The Open Well-Tempered Clavier
https://www.welltemperedclavier.org/


----------



## brianvds

Thanks, Bettina and tortkis, for the further suggestions.


----------



## classical yorkist

That amazing harpsichord resource I promised 
http://www.saladelcembalo.org/index.htm


----------



## eugeneonagain

classical yorkist said:


> That amazing harpsichord resource I promised
> http://www.saladelcembalo.org/index.htm


It is amazing. I was just listening to the Scarlatti sonatas (a complete edition) and one by J.C. Bach.


----------



## SixFootScowl

Free downloads of the complete organ works of Johann Sebastian Bach, recorded by Dr. James Kibbie on original baroque organs in Germany, are offered on this site.


----------



## Larkenfield

Florestan said:


> Free downloads of the complete organ works of Johann Sebastian Bach, recorded by Dr. James Kibbie on original baroque organs in Germany, are offered on this site.


These are free downloads but they are not public domain recordings that anyone can use for their own purposes. They are copyright by the University of Michigan. These are tremendous performances and I've heard them all. But they can only be used by permission.


----------



## SixFootScowl

Larkenfield said:


> These are free downloads but they are not public domain recordings that anyone can use for their own purposes. They are copyright by the University of Michigan. These are tremendous performances and I've heard them all. But they can only be used by permission.


So maybe not public domain (and I took the OP's request loosely enough that as long as the music was legally free, it would interest him), but I am not seeing a permissions note unless it is in one of the links. It says free downloads, what more does one need to partake of them? I suspect they don't want people burning disks and selling them, but otherwise I see no prohibition to freely downloading and listening.


----------



## brianvds

Florestan said:


> So maybe not public domain (and I took the OP's request loosely enough that as long as the music was legally free, it would interest him), but I am not seeing a permissions note unless it is in one of the links. It says free downloads, what more does one need to partake of them?

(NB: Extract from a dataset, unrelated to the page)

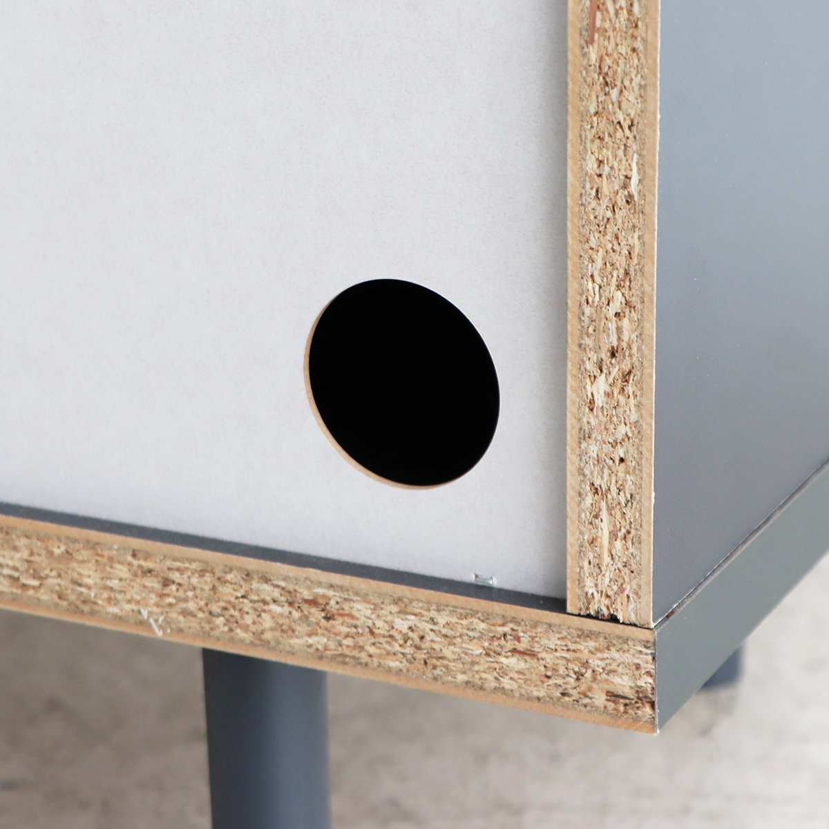 扉収納は、配線にも考慮した仕様です。背面にコード穴を付けているので、Wi-Fiルーターなどの収納にも最適です。コード類を背面にすっきり隠せます。

I suspect they don't want people burning disks and selling them, but otherwise I see no prohibition to freely downloading and listening.


Actually, I do have plans on using the music for what might possibly be construed as semi-commercial purposes, so public domain it will have to be... 

But thanks again to all who have replied with suggestions, because I also like just listening.


----------